Hay tipos así, como el evangelista argentino Oswaldo Loburo que después de sus prédicas dominicales sobre el amor filial, le daba unas golpizas a su mujer, tan tremendas, que lo llevaron a la cárcel dos veces; tipos como Sir Lancelot Auburn, miembro de la Cámara de los Lores que mientras fue el representante más reconocido de la línea dura contra los homosexuales, en Inglaterra, cometió actos de sodomía con marineros somalíes y libios que atracaban en los puertos de Poole y de Hastings; tipos como el presbítero mormón Rupert Macadamia que infectó de SIDA a más de diez prostitutas, a su mujer y a una de sus hijas; como el industrial Félix Alberto Cuesta, aplaudido benefactor de la Asociación Defensora de Animales, que los fines de semana cazaba patos, en su finca de Sabanalarga y que despescuezaba, él mismo, con los solos nudillos; o, como monseñor Bertoldini, que en su pequeña parroquia de Padua, conformó un coro de niños cantores que lo terminaron asesinando, a cuchilladas, por pederasta y porque los obligaba a copular entre ellos. En fin, hay tipos así, como el anómalo Ordóñez que no le renovó el contrato de trabajo a las secretarias con copas de brasier mayor a 34 B y a las restantes, que se quedaron, las obligó a ponerse falda y a usarla por debajo de la rodilla.

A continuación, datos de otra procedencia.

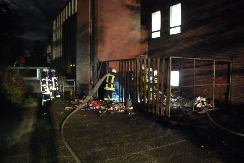 -ust- Die Feuerwehr Ibbenbüren wurde in der Nacht von Montag auf Dienstag mit dem Stichwort "Kleinbrand Schulen, Sperrmüll" zum Goethe-Gymnasium alarmiert. Die ersteintreffenden Kräfte vom Löschzug Stadtmitte 2 fanden dort auf dem Schulgelände eine massives Feuer im Außenbereich vor.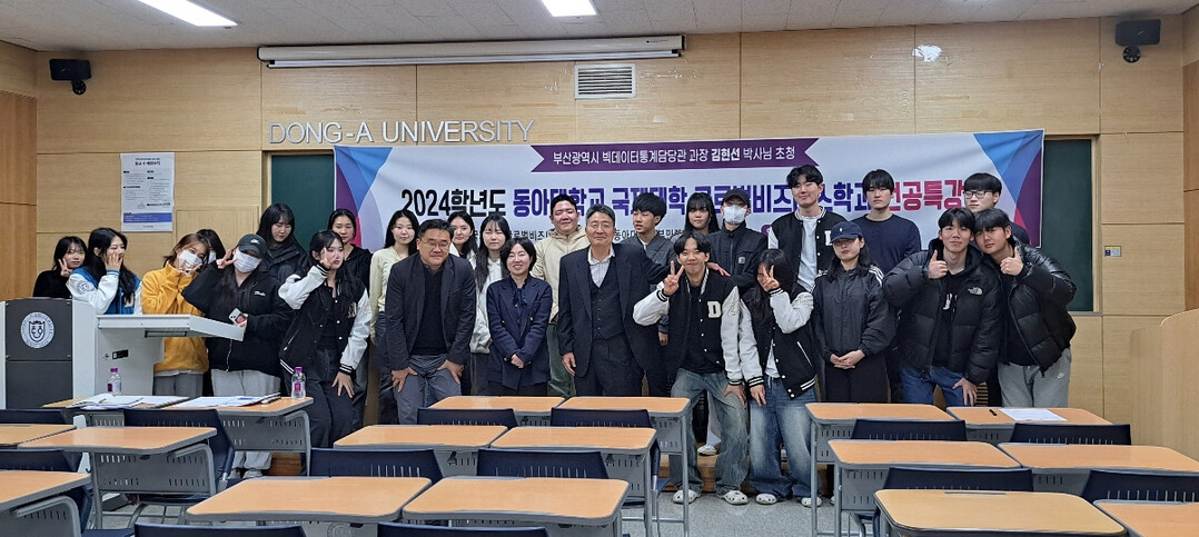 [대학저널 이선용 기자] 동아대학교 국제대학 글로벌비즈니스학과가 부산광역시 빅데이터통계담당관 과장 김현선 박사를 초청, 전공특강을 개최했다.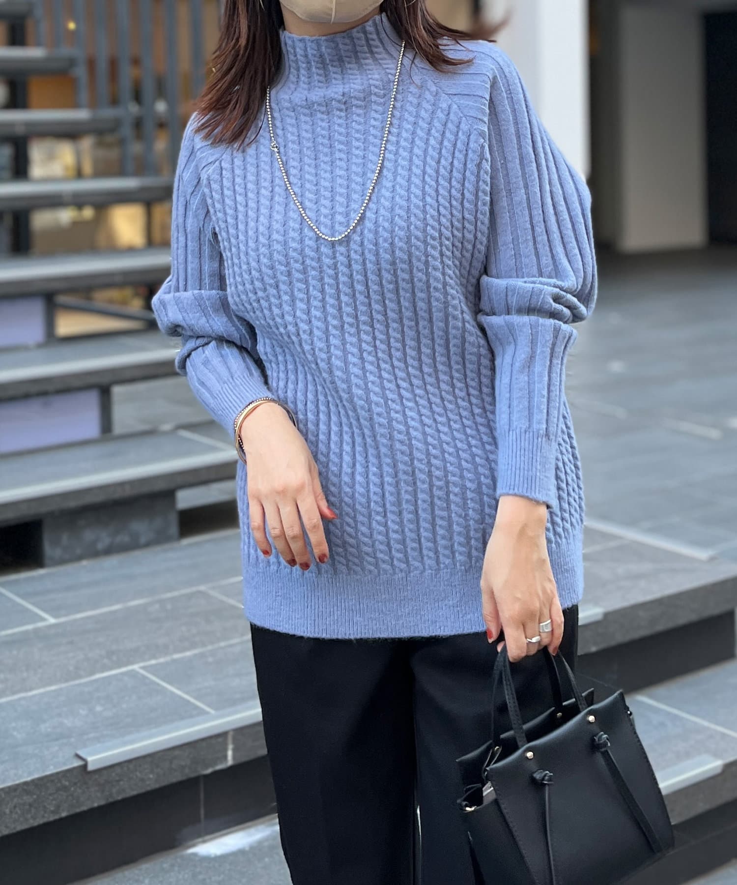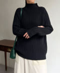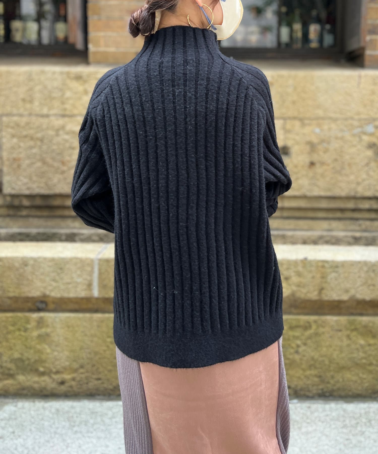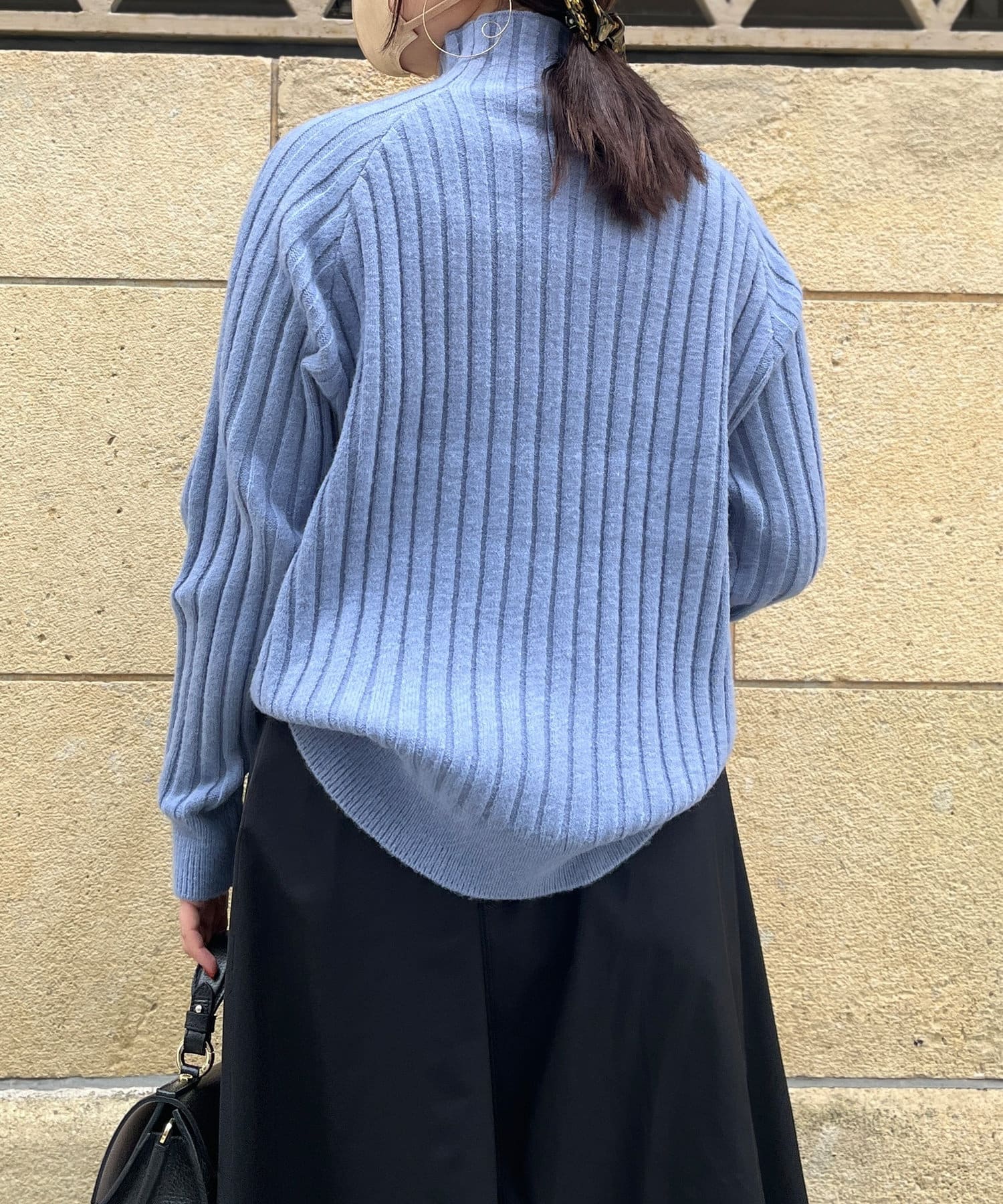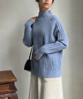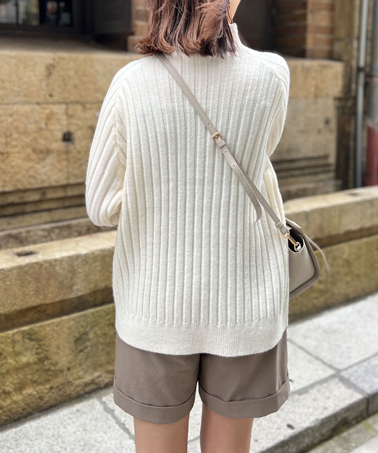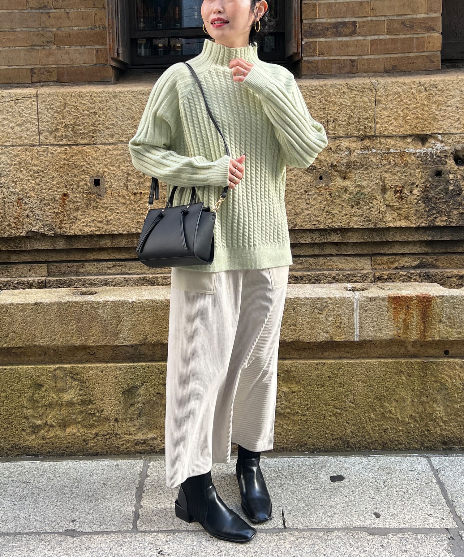 スタンドネックで首回りにポイントを持たせつつ、ハイネックほどのボリューム感がないのですっきりとした印象で合わせていただけます。

Me refiero a Anderson Ordóñez, antiguo jefe de personal de una conocida empresa de cultivadores de banano. Obtuvo su puesto por estar entre el corrillo de sapos que le brillaban los zapatos a los miembros de la junta directiva y que aseguró con dos pares de mancornas que le regaló, al presidente y al gerente general, con el Divino Niño esculpido en marfil y una imitación de diamante incrustada en el ombligo. Como dato curioso, al lado de su escritorio mantenía, siempre, una jofaina, con agua tibia, donde se lavaba las manos después de firmar las resoluciones tramitadas por su oficina. Y lo traigo a colación porque desde que lo nombraron para representar a la compañía, ante el gremio bananero, le han restregado los trapos sucios de su administración y criticado su forma de pavonearse por encima de los demás, como si Jesucristo fuera de su misma estirpe y llevara consigo los deberes de una personal e irreprochable inquisición.
Tenemos, entonces, que el anómalo Ordóñez anda por ahí, tan campante, tratando de imponer su voluntad con sus sermones de sapiencia correctiva. Su forma de ser –o actitud– pasaría totalmente desapercibida, en el ambiente procaz y liberalizado de los cultivadores, si no es porque su nuevo cargo tiene que ver con el futuro de la industria, con la tolerancia, con la paridad entre hombres y mujeres y con las convicciones humanas que ven cada día y con mayor desdén a la religión y a la política, como intérpretes de la realidad constreñida de los trabajadores. Con su nombramiento y esa soberbia inyectada por el poder, nada de raro tiene que se le despierten las ganas de llegar a ser el Presidente del Gremio –como alguna vez pensó– y con ese objetivo, se lance en una cruzada para atrapar incautos entre la masa de gente sumisa que, aún, le teme a los designios de dios, a las arbitrariedades de las élites y al ¿qué dirán?
¿Qué dirán si a mi hijo lo cogen masturbándose en el baño del colegio? ¿Qué dirán si mi hija compara sus genitales con los de su amiguito del kínder? ¿Qué dirán si mando instalar el paquete de canales para adultos de Claro? ¿Qué dirán si comparto mi soltería con una acompañante, prepago, a 150.000 pesos la hora, en un motel de Chapinero? ¿Qué dirán si –cómo dice Felipe Zuleta– no me salgo del clóset, sino lo destrozo? ¿Qué dirán si dejo que mis hijos y sus primitos jueguen desnudos en la pileta del jardín? ¿Qué dirán si abrazo al portero del edificio y cojo a besos a la señora que me plancha la ropa? ¿Qué dirán? Del temor a esa pregunta, es que se aprovechan las personas como el anómalo Ordóñez para sojuzgar su entorno humano, para arribar a los puestos que amerita su propia escala de valores y para procurar un viciado y mal entendido bien común.
Dios pocopoderoso
“Lo maravilloso acerca de dios, es que se trata de una invención humana” eso es realmente lo que yo predico. Mi nombre es Ovidio Roncancio, su seguro servidor y soy un sobreviviente del SIDA, razón por la cual decidí, en los últimos años, volverme experto en: el Creador, el Salvador, el Señor, el Altísimo o cómo se quiera llamar. No en sus asuntos –entiéndase bien– ni en los de la teología, para lo cual tendría que terminar el bachillerato, sino en lo que él es y representa como reflejo de nosotros: los seres humanos.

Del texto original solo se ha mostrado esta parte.